Function | Nerve cell

Function

Nerve cells are able to process input signals and transmit new signals based on them. A distinction is made between excitatory and inhibitory nerve cells. Exciting nerve cells increase the probability of an action potential, while inhibiting ones reduce it.

Whether a nerve cell excites or not depends basically on the neurotransmitter that this cell emits. Typical excitatory neurotransmitters are glutamate and acetylcholine, while GABA and glycine inhibit. Other neurotransmitters such as dopamine can either excite or inhibit depending on the type of receptor on the target cell.

The excitatory and inhibitory signals that reach the nerve cells are spatially and temporally integrated and “converted” into action potentials. Thus, a single signal that reaches a nerve cell does not necessarily have an effect; unlike in muscle cells, where each signal leads to an opening of ion channels and thus to a contraction of the muscle cell.If, on the other hand, the excitation of the nerve cell is supra-threshold, the all-or-nothing principle applies: the triggered action potential always has the same amplitude. A modulation of the activity can therefore only take place via the frequency of the action potentials, not via their intensity. The situation is different with signals emanating from axons of other nerve cells: here, temporally accumulated excitation can lead to a higher sensitivity of the cell to this signal. This phenomenon is known as long-term potentiation and is, for example, partly responsible for learning processes and memory formation.

Tasks of the nerve cell

As the eponymous cells of the nervous system, neurons play a decisive role in sensory and motor functions, the coordination of vegetative functions and cognitive performance. The nervous system can be functionally subdivided: the somatic nervous system performs tasks that are important for interaction with the environment. These include the innervation of skeletal muscles and the perception of external stimuli, for example through the sense of sight.

The autonomic nervous system coordinates the function of internal organs and adapts their activity to environmental stimuli. It can be further subdivided into the symphatic, parasympathetic and enteric nervous system. The sympathetic nervous system has functions which are necessary in the sense of a fight-or-flight reaction, i.e. a stress reaction to environmental stimuli.

It increases heart strength and blood pressure, dilates the bronchi and reduces the activity of the gastrointestinal tract. Conversely, an activation of the parasympathetic nervous system leads to an activation of the gastrointestinal tract (rest and digest) and a reduction of blood pressure and heart work. The enteric nervous system, on the other hand, works primarily independently of the central nervous system and coordinates functions within the gastrointestinal tract and is modulated by the symphatic and parasympathetic nervous systems.

The central nervous system, on the other hand, can be divided into core areas with motor, sensory, sympathetic, parasympathetic and higher cognitive functions, which can be found at different locations in the brain or spinal cord. A nerve cell has many dendrites, which are a kind of connecting cable to other nerve cells in order to communicate with them.

  • Nerve cell
  • Dendrite

Besides the neurites, which only lead in one direction, there are other extensions of the nerve cell, the dendrites (= Greek tree).
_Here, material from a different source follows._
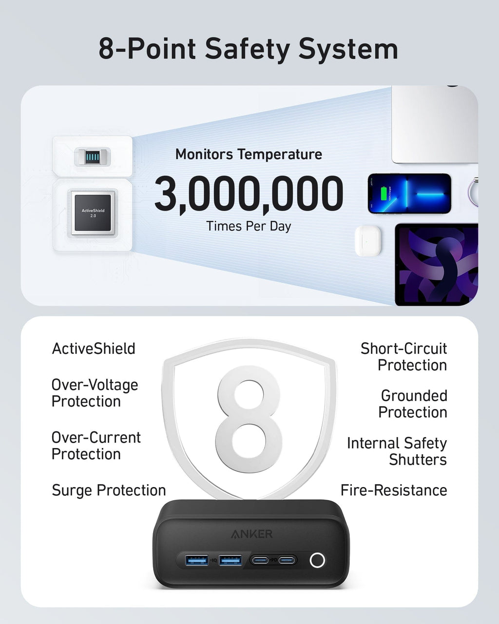 - Enhanced Safety Assurance: Features ActiveShield 2.0 technology that dynamically adjusts power and monitors temperature over 3 million times daily to protect your devices effectively.

The dendrites are much shorter than the long neurite and are located near the cell body (perikaryon). Usually they are present in the form of a large dendrite tree. Their task is to receive stimuli from other nerve cells.

The connecting element, the “interface” between individual neurons is called a synapse.

  • Nerve ending (Axon)
  • Messenger substances, e.g. dopamine
  • Other nerve ending (dendrite)

Here, the end of the long nerve cell process (axon end) of one neuron encounters the dendrite tree of another neuron. The interaction between the two takes place through a chemical transmitter, a neurotransmitter; the process is thus similar to an “electrochemical coupling”. One neuron can be linked to up to 10,000 others in this way, resulting in a total number of synapses of an estimated one trillion (a 1 with 15 zeros!)! This interconnection of neurons leads to a complex neural network – or several functionally distinguishable networks.